IL CAIRO - Esraa ha solo dieci anni e lunghi capelli castani. Nella mano stringe un pettine rosso, da cui non si separa mai. Il suo corpo minuto riempe appena la maglietta grigia, che ancora indossa dalla notte del naufragio. La notte del 15 ottobre scorso Esraa era con il padre sulla barca affondata al largo di Alessandria, a soli cinquecento metri dalla coste. La guardia costiera egiziana ha però impiegato quasi otto ore a soccorrere i naufraghi. Tredici profughi, per la maggior parte siriani e palestinesi, sono morti mentre il numero dei dispersi è ancora incerto. Secondo la ricostruzione dei sopravvissuti, il padre di Esraa, un siriano di origine palestinese nel tentativo di sostenere con le braccia la figlia al di sopra delle onde, è affogato dopo pochi minuti. La bambina invece è rimasta a galla, abbracciata al collo del padre, fino all'arrivo dei soccorsi. Da quel giorno Esraa è detenuta dalle autorità egiziane nel campo militare della prigione di El Dkhela, con l'accusa d'immigrazione clandestina.

O hai i soldi o torni nella guerra. "Tutti i giorni se ne sta sul suo materasso polveroso, in un angolo del campo. Le poche volte che si alza, lo fa per guardarsi allo specchio e sistemarsi i capelli con il suo pettine rosso, l'unica cosa che le è rimasta del suo passato", dice Mahynuur El Massri, attivista egiziana che fa visita ai rifugiati siriani detenuti nel campo. Secondo il rapporto di Amnesty international pubblicato lo scorso 17 Ottobre, il governo egiziano sta sistematicamente arrestando i rifugiati siriani, detenendoli ad oltranza in condizioni sanitarie pessime. I profughi che non trovano i soldi per andare in Libano o in Turchia (unici paesi disposti ad accoglierli) sono forzati a firmare delle carte per essere deportati in Siria.

Gli arresti senza reati né accuse.

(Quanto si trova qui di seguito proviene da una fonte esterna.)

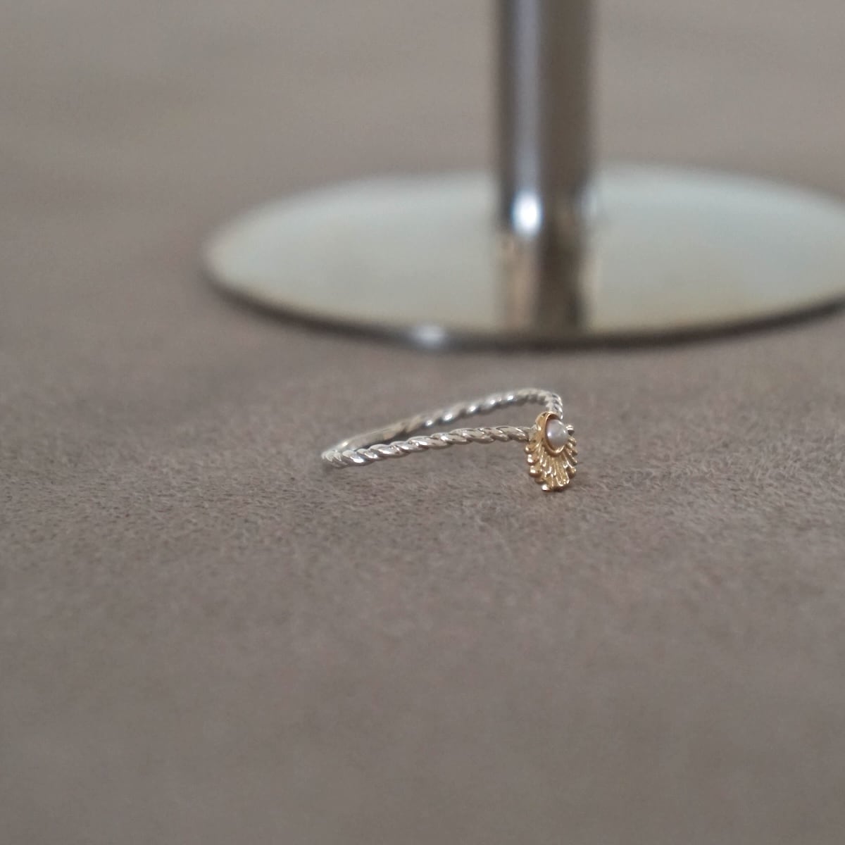 ・お手入れの際、silver部分の黒ずみが出て来た場合はシルバー用の研磨剤のついたクロスを使用して磨くと元の輝きが戻ります。gold部分や石留め部分は研磨剤のついたクロスは使用せず、柔らかい布で軽くお拭きください。

Sempre secondo il rapporto, molti arresti avverrebbero senza ragioni valide. Nella sola giornata del 17 settembre, in un caffè di Alessandria, in una delle zone più frequentate dalla comunità siriana, settanta siriani sono stati arrestati, solo perché sospettati di pianificare un viaggio clandestino, e sono tutt'ora detenuti in una stazione di polizia. Circa settecento rifugiati sono già stati deportati, tra cui duecento minori, di cui circa settanta senza genitori. Oggi solo ad Alessandria, ci sono ancora trecento rifugiati siriani detenuti, di cui quindici sono minori senza genitori.

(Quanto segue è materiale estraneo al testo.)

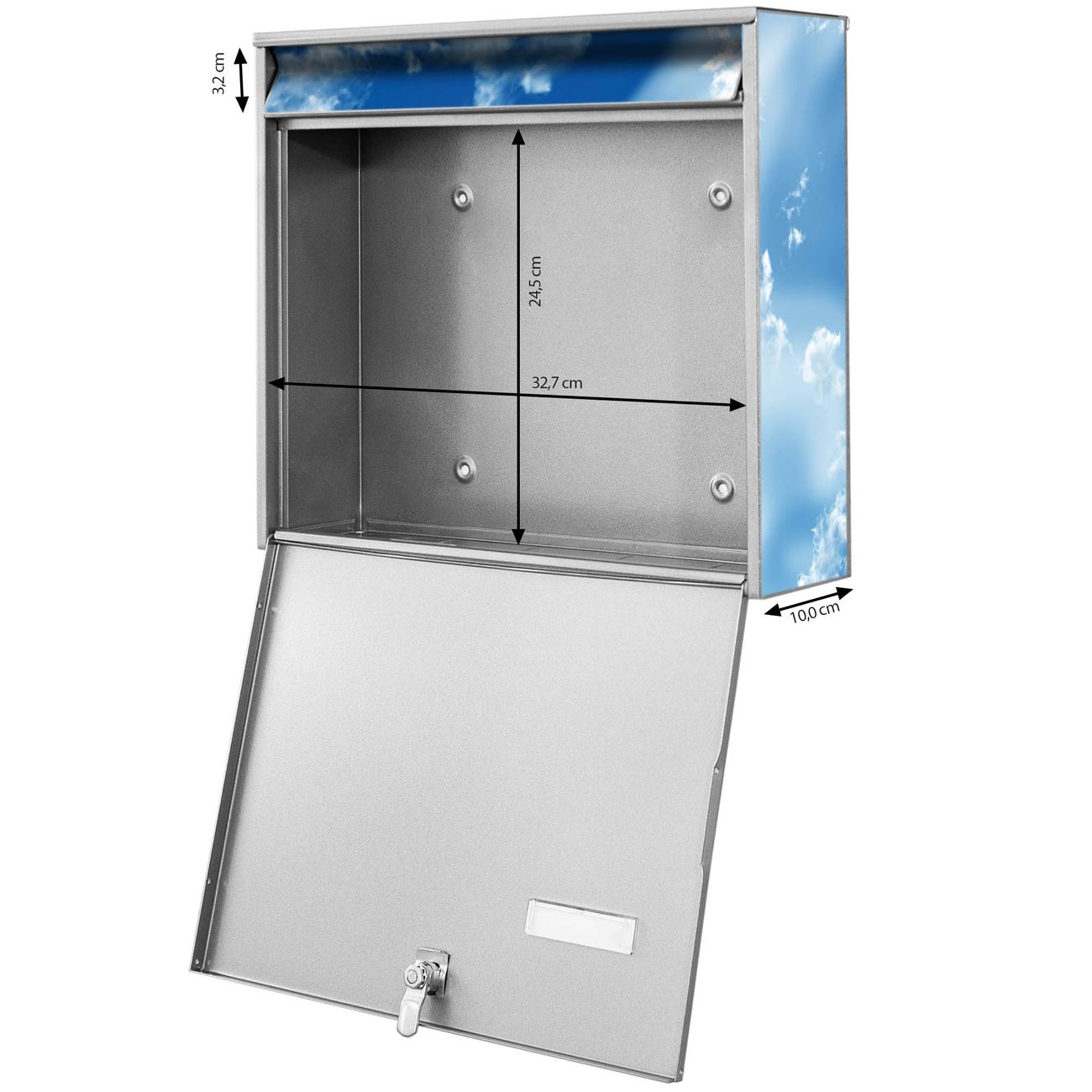 FUNKTION: Die Burg-Wächter Briefkastenanlage mit Motiv Clouds bietet Ihnen ausreichend Fassungsvermögen um auch A4 und C4 Sendungen zu empfangen. Das integrierte Namensschild lässt sich individuell beschriften. Wählen Sie aus den Grundfarben weiß, silber und schwarz. DESIGN: Die 2 Briefkästen haben ein ansprechendes und zeitloses Design, ohne dabei auf Funktionalität zu verzichten. Das Material ist sehr stabil, wetterfest und rostfrei. Durch das Motiv Clouds werden die Postkästen zu einem Blickfang. DETAILS: Die Postkästen bestehen aus verzinktem Stahl der zusätzlich mit Klarlack versiegelt wurde. Die Kästen sind gesamt 64,5cm hoch, 36,2cm breit und 10cm tief. Das Motiv besteht aus einer wetter- und UV-festen Folie, die Ihren Briefkasten zusätzlich vor Kratzern schützt. Die Postkästen werden mit Montagematerial, je einem Namensschild und je zwei Schlüsseln geliefert. NUTZEN: Das Briefkastenset eignet sich für die Wandmontage, die Größe bietet genügend Platz für Sendungen aller Art. Das zeitlose Design sowie die stabile Bauart bieten Ihnen einen treuen Begleiter für Ihre Post. BANJADO:

I bambini ancora nelle carceri. I bambini sono stati arrestati assieme alle famiglie o sopra una barca che cercava di raggiungere le coste europee, o perché ai genitori non sono stati rinnovati i documenti per rimanere in Egitto. Secondo il governo egiziano, dovrebbero essere espulsi, senza tener conto, che la maggior parte dei rifugiati una volta tornati in Siria, rischiano di essere perseguitati dal regime. "Nel carcere di Karomuoz nella periferia di Alessandria, assieme ai suoi genitori c'è il piccolo Mohamed, che ha solo due mesi, ma è detenuto da quando aveva quindici giorni", racconta Thaer Mukhtar, un medico egiziano che in questi mesi ha visitato i detenuti.

Il reimpatrio di regazzini rimasti soli. Nella stessa stazione ci sono anche Zaher, sedici anni, Hamed quattordici anni e Mohammed di otto, che sono stati arrestati da soli e rischiano di essere rispediti in Siria da un giorno all'altro. Nella stazione di Abo qir invece, nel vicino governatorato di El Behara, sono detenuti Khaled e Reda, due gemelli di un anno, arrestati con i genitori che non avevano il permesso di soggiorno. Pensando ai bambini detenuti, Mukhtar non riesce a scordare la storia Magdy Soliman, 10 anni, detenuto diciassette giorni nella stazione di polizia di Karmouz, dopo esser sopravvissuto al naufragio di una nave clandestina nei primi giorni di settembre, nel quale aveva perso la madre, la zia e la sorella. Dopo essere stato portato in Libano, è stato deportato in Siria completamente da solo, "mi ero raccomandato con lui di chiamarmi dall'aereoporto, ma il suo telefono non ha mai più squillato e nessuno sa più nulla di lui".